University Libraries Promotion and Tenure Recognition

Scott D. Bennett Professor of Political Science

Book Title: War and Reason

Author: Bruce Bueno de Mesquita and David Lalman

Selection Statement:

Over the past two decades, game-theoretic models of strategic interaction have become common in political science. In War and Reason, Bruce Bueno de Mesquita and David Lalman developed what has become perhaps the most general and best-known of these applications in the study of international conflict. Their game-theoretic implementation of rational choice modeling through their "international interaction game" models the give-and-take between two countries in a crisis from the issuance of a demand by one to the other, through the acceptance or rejection of demands and subsequent conflict escalation, through the outcome possibilities of war, negotiation, or capitulation. By building a general game which appears representative of many interactions in international relations, Bueno de Mesquita and Lalman built a foundation for additional explicit strategic theorizing about conflict.

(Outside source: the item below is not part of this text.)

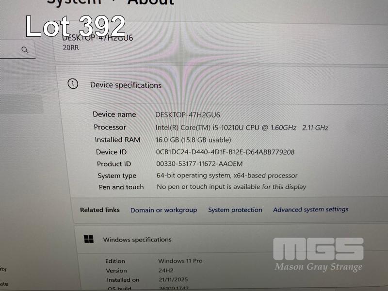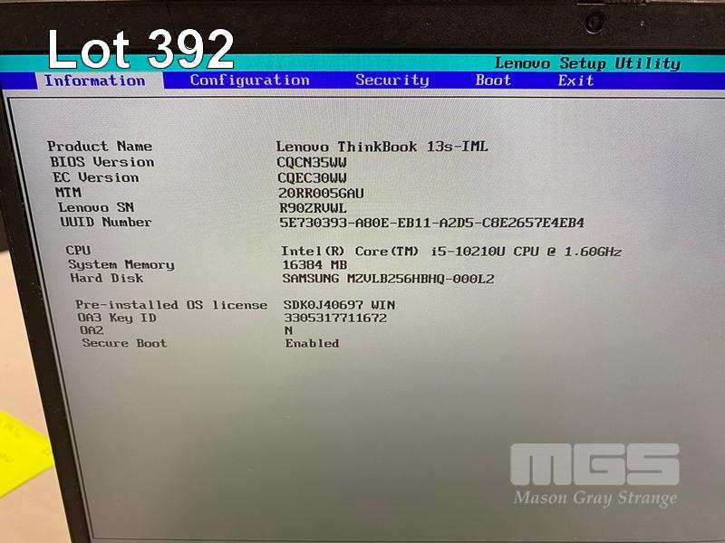 LAPTOP, LENOVO THINKBOOK 13s-IML, TYPE 20RR, CORE i5 10210U (10TH GEN) @ 1.6GHz, 16GB DDR4 RAM, 256GB NVMe M.2 SSD, 13.3" WIDESCREEN (1920x1080), INTEL UHD GRAPHICS, Wi-Fi, BLUETOOTH, WINDOWS 11 PRO INSTALLED & POWER SUPPLY S/N:R90ZRVWL

Equally importantly, Bueno de Mesquita and Lalman took the application of strategic choice models to international conflict a step beyond theory to rigorous empirical testing by directly operationalizing key utility and probability concepts. They developed the (thus far) only broad proxy measure for states' utility for conflict with one another, one which is usable across the scope of modern history (from 1816 to the present). They then proceeded to test the applicability of the model to European conflicts during that period, and found that the predictions made by the game when our empirical indicators are "plugged in" do in fact help us better predict the outbreak of international conflict. The coupling of a formal game with direct empirical testing has become a model in the study of international relations.